This is Runstedler’s second book and the second to be published this year. Her teen novel Beautiful Goodbye came out in July, with the new one released last month.

“I thought about sharing true pay-it-forward stories because of knowing about Pay It Forward first from the fiction book by Catherine Ryan Hyde then the movie and the foundation.”

Both book (1999) and movie (2000) chronicle the journey of American seventh-grader Trevor McKinney who sets out to make a difference through a charity based on a network of continuing good deeds. A very real-life reaction to the novel and movie began a movement and in turn fostered the Pay It Forward Foundation set up to start a ripple effect of good acts in the world.

From a book of fiction and magic to a biographical look at real teens, it was a big jump for Runstedler.

“I had thought about [writing about] adults but I changed my mind.
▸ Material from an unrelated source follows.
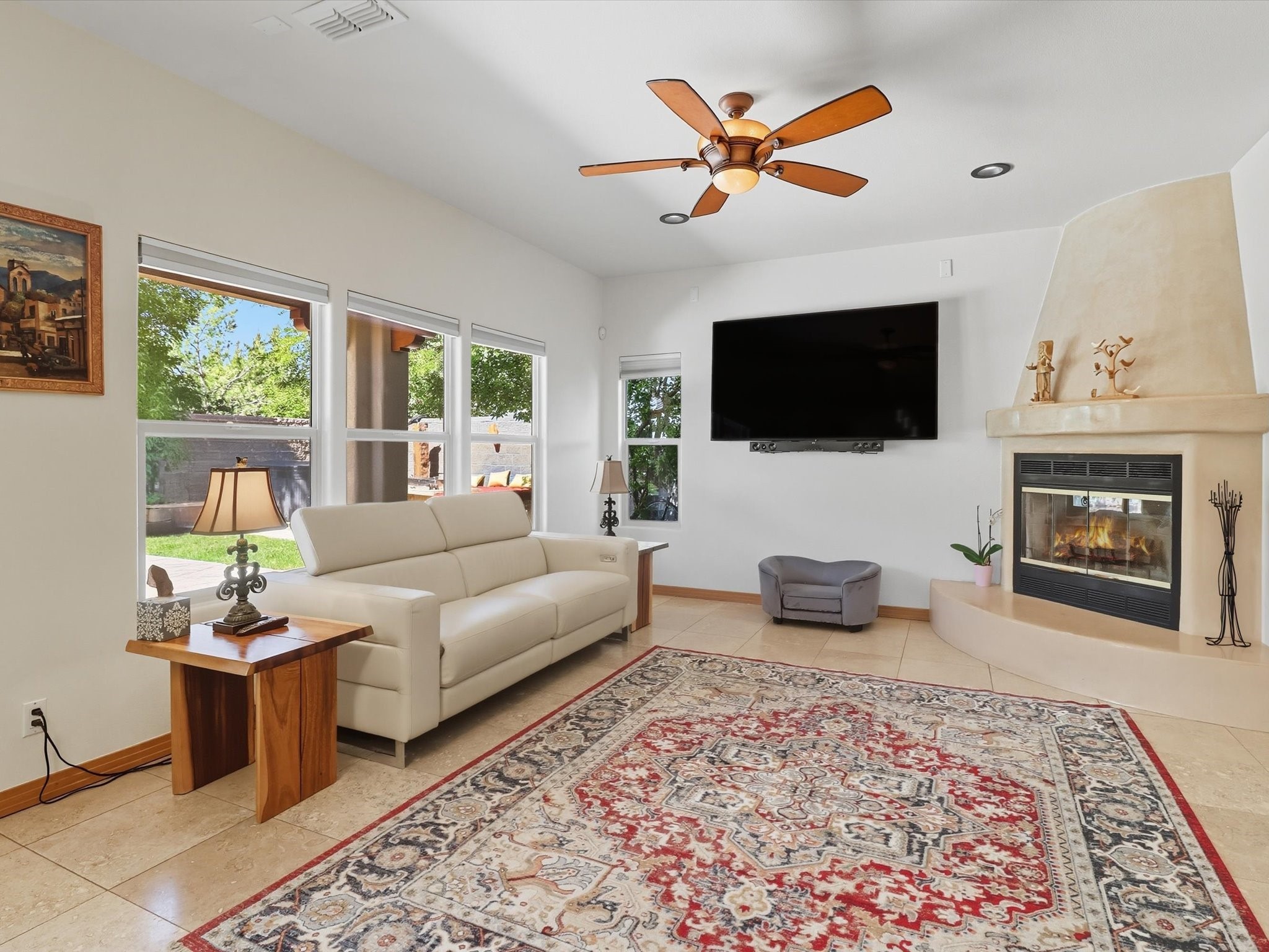 Nestled on a quiet street, this beautiful two-story home offers the perfect blend of comfort, functionality, and charm--ideal for a starting family or a growing one. Step inside to an inviting open floor plan that seamlessly connects the main living spaces. The main level features a dedicated office, perfect for remote work or study, and a warm, welcoming living area with a traditional Kiva fireplace to keep you cozy during winter nights.The kitchen is thoughtfully designed with a breakfast counter, stainless steel appliances, and plenty of space for everyday meals and gatherings. From here, step out to the beautifully landscaped backyard, complete with a covered portal, ample seating for guests, an outdoor hot tub, Gas Fire table and a charming gazebo with heating elements, outdoor speakers and ambient lighting --perfect for BBQ nights or morning tea with family and friends. Upstairs, you'll find four spacious bedrooms, including the primary suite, a private retreat with an attached bathroom featuring a his-and-her sink, an enclosed shower, and a walk-in closet. A private balcony extends from the suite, offering the perfect spot to enjoy your morning coffee while soaking in the fresh air.Blending modern convenience with inviting outdoor spaces, this home is truly designed for both relaxation and entertaining.

I felt that kids are the future and I wanted to showcase kids that were out there doing some good rather than all of the negative stuff you hear and the bad rap that they are getting.”

She sifted through hundreds of emails, assuaged dozens of parental concerns and ultimately had to make some difficult decisions:

“I could have filled volumes: there are hundreds if not thousands of kids doing good things,” she said.

Ultimately the stories of 14 kids ranging in age from 9 to 19 were chosen.

“They’re all different ages, all different backgrounds and all different religions. And I wanted that because I wanted to show that it was a universal thing – it’s not just rich white kids. I wanted to show the different ages too. I’ve been absolutely amazed and inspired by these kids and I’m truly honoured that they allowed me to be their voice and put their stories in a book,” said Runstedler.

A percentage of all book sales (the book can be bought or ordered from most bookstores in Waterloo Region) go to the Pay It Forward Foundation. Just like her first work of literature, Runstedler’s Pay It Forward Kids is dedicated to her mother Margaret Evalyn Runstedler, a devoted Wellesley volunteer and resident who died in 2011 at the age of 69.

“She was the first person who taught me kindness and she was known in Wellesley for her kindness. Her life was a living example of pay it forward. I didn’t want that to end because she’s gone.”

Runstedler reminds to pass the bracelet on after a good deed is done and remember that acts of kindness don’t just happen at Christmas.

“We all need to do something nice for somebody,” she said.